You are being paid 10 K$ more. Your salary or hourly wage should reflect that. Maybe they might choose to dock your pay or fire you after you “pay off” the debt since the “training” is actually just a shackle of no independent merit (e.g. they give you a 50 K$ salary, but claim a 10 M$ training loan over 5 years so you are on the hook for 2 M$ per year you quit early).
That should probably be dealt with via false advertising laws around training programs and laws around loans. They would also be required to disclose that you are explicitly taking on a 10 M$ personal loan for that job which would almost certainly scare people away. Also probably super duper illegal. I do not think the courts would take too kindly to gigantic loans for fake training.

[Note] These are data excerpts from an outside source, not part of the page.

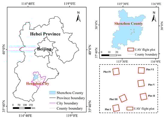 The study area is located in Shenzhou County (37.71°~38.16°N, 115.36°~115.80°E), Hengshui City, Hebei Province, China, in the main grain-producing region of the North China Plain. The main planted crops in the region are winter wheat and summer corn. Winter wheat is one of the most important summer harvest crops in this area. The region has a warm, temperate, semiarid, monsoon climate with an average annual temperature of approximately 13.4 °C and an average annual precipitation of approximately 480 mm. The planting time of winter wheat in the study area is in early to mid-October, the reviving stage is in early to mid-March of the next year, the jointing stage is from late March to early to mid-April, the heading-flowering period is from late April to early May, the grain filling stage is from mid-May to late May and the maturity stage is in early June. The specific location of the study area is shown in Figure 1.
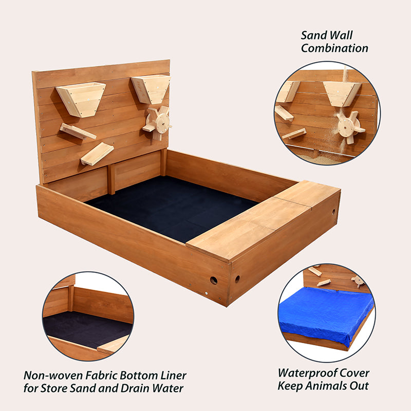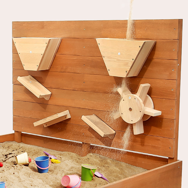 - Sand wall with a combination of runner and hourglass, and the sandbox has a large capacity for 2-3 children to play at the same time. The bottomless design expands the playing space.
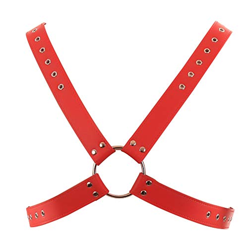 Red Leather Harness for Men, Premium Adjustable Punk Men Body Chest Harness for Clubwear Parties
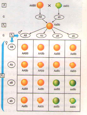 Sự kết hợp của 2 loại giao tử này trong thụ tinh tạo ra cơ thể lai F1 có kiểu gen là AaBb. Khi cơ thể lai F1 hình thành giao tử, do sự phân li độc lập và tổ hợp tự do của các cặp gen tương ứng (khả năng tổ hợp tự do của các cặp gen tương ứng (khả năng tổ hợp tự do giữa A và a với B và b là như nhau) đã tạo ra 4 loại giao tử với tỉ lệ ngang nhau là AB, Ab, aB và ab.
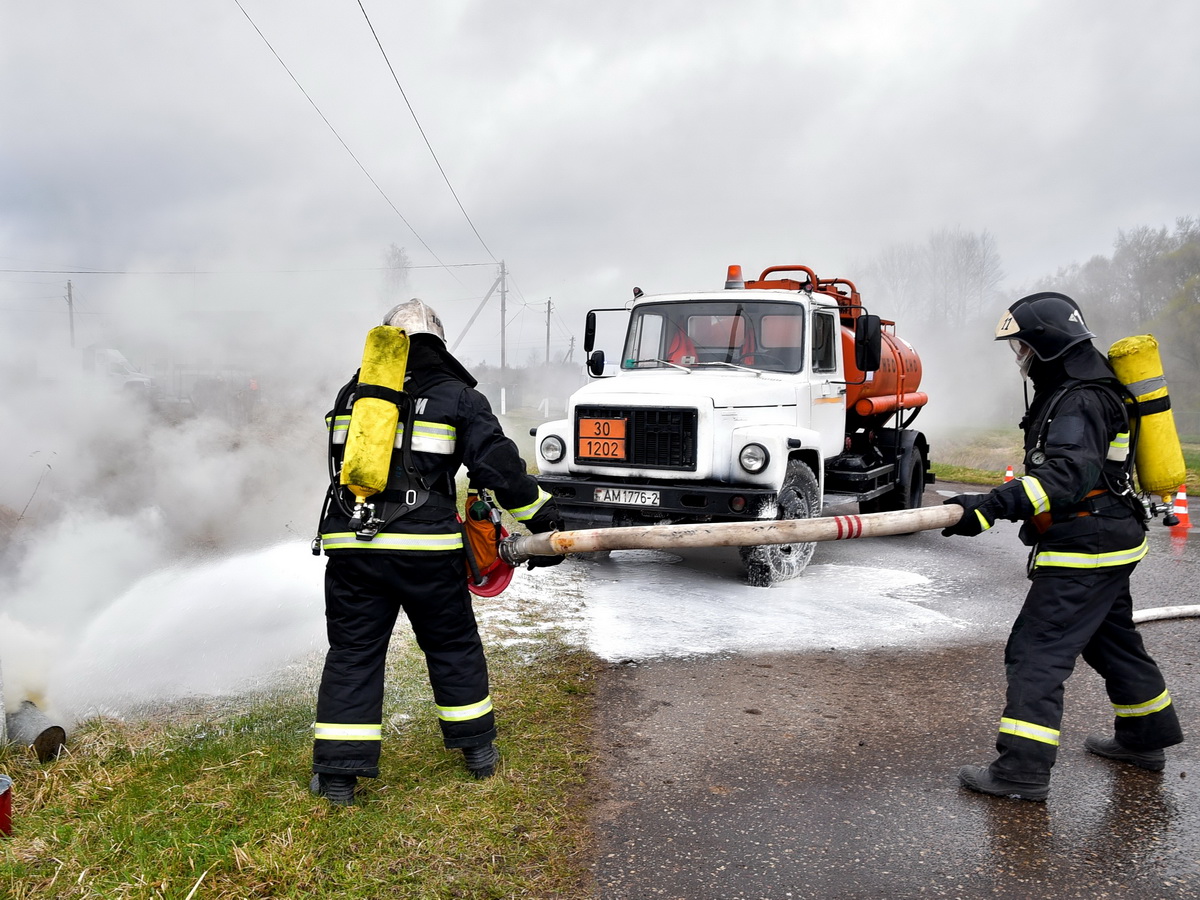 По легенде учений водитель топливозаправщика, двигаясь по территории, не справился с управлением и совершил наезд на опору действующей линии электропередачи. В результате произошёл обрыв провода, который упал на кабину автомобиля. Ситуация осложнилась возгоранием техники и разливом топлива из цистерны.
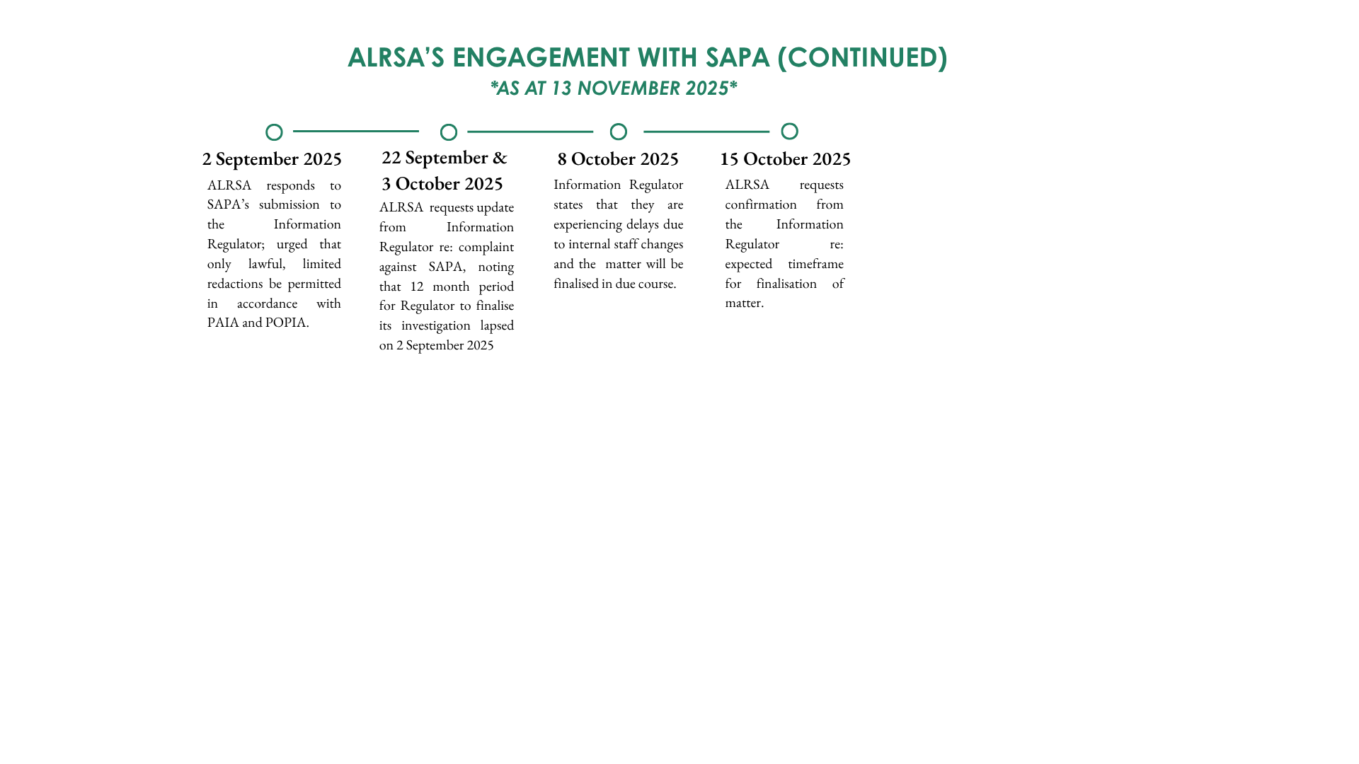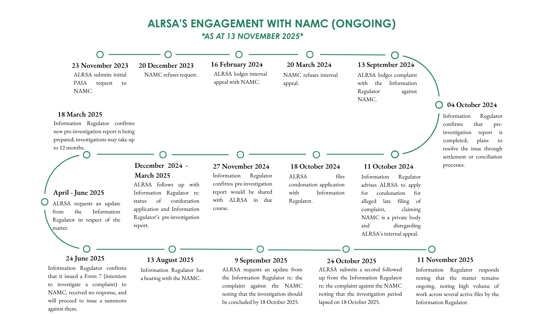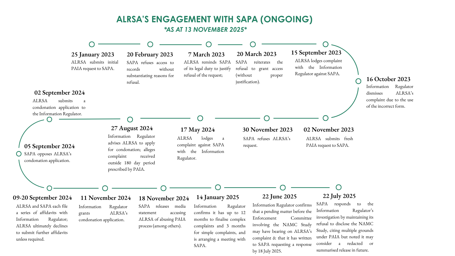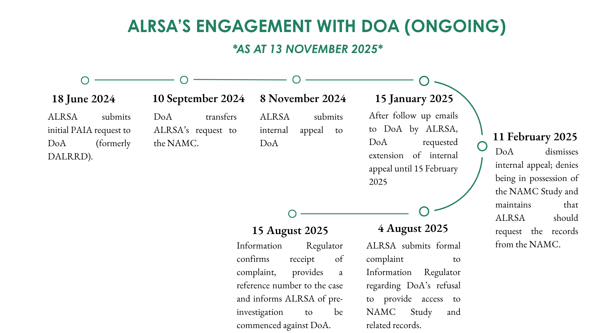 From January 2023 to present, ALRSA has undertaken multiple attempts to obtain the NAMC Study through formal requests under the Promotion of Access to Information Act (“PAIA”). However, the study remains inaccessible due to refusals, non-responses, or inadequate replies from these entities and/or the Information Regulator.
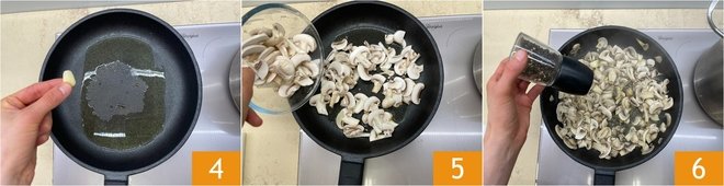 In a large pan, pour a drizzle of oil and a clove of garlic 4; turn on the heat and let it infuse, then add the mushrooms 5. Add salt and pepper 6 and cook for a few minutes. Meanwhile, put a pot of salted water on the stove to boil for cooking the pasta.
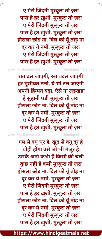 Lyrics of Ae Meri Jindagi Muskura To Jara - ए मेरी जिंदगी मुस्कुरा तो ज़रा
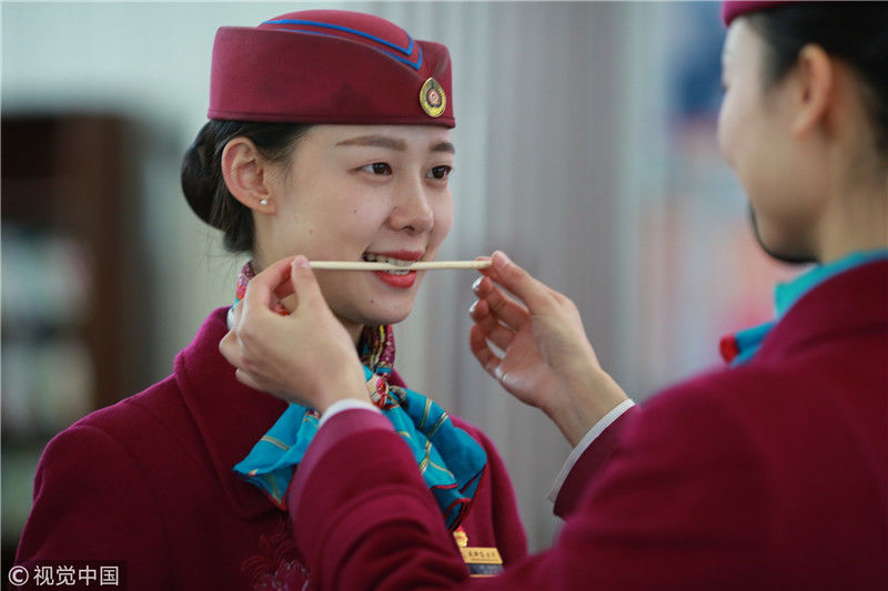 成都“動姐”叼筷子練微笑 禮儀培訓(xùn)備戰(zhàn)成雅鐵路
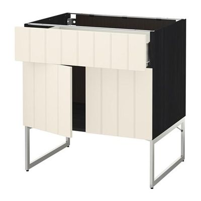 МЕТОД / ФОРВАРА Напол шкаф/полки/ящик/2двери - под дерево черный, Хитарп белый с оттенком

It's crazy how much power asymmetry exists between corporations and individuals nowadays. From forced arbitration (even for basic things like rent contracts) to non-competes, to now TRAs...
> But regulators have begun to take action on the legality of T.R.A.s. In the last year, the Biden administration has moved to limit the agreements.
Good to know. But solving problems at the executive level, without codifying the solution into law, makes it temporary and up for grabs by the next election, you know, for those jonesing for "less regulation".
Unions aren't perfect but they care more about you than some capitalists.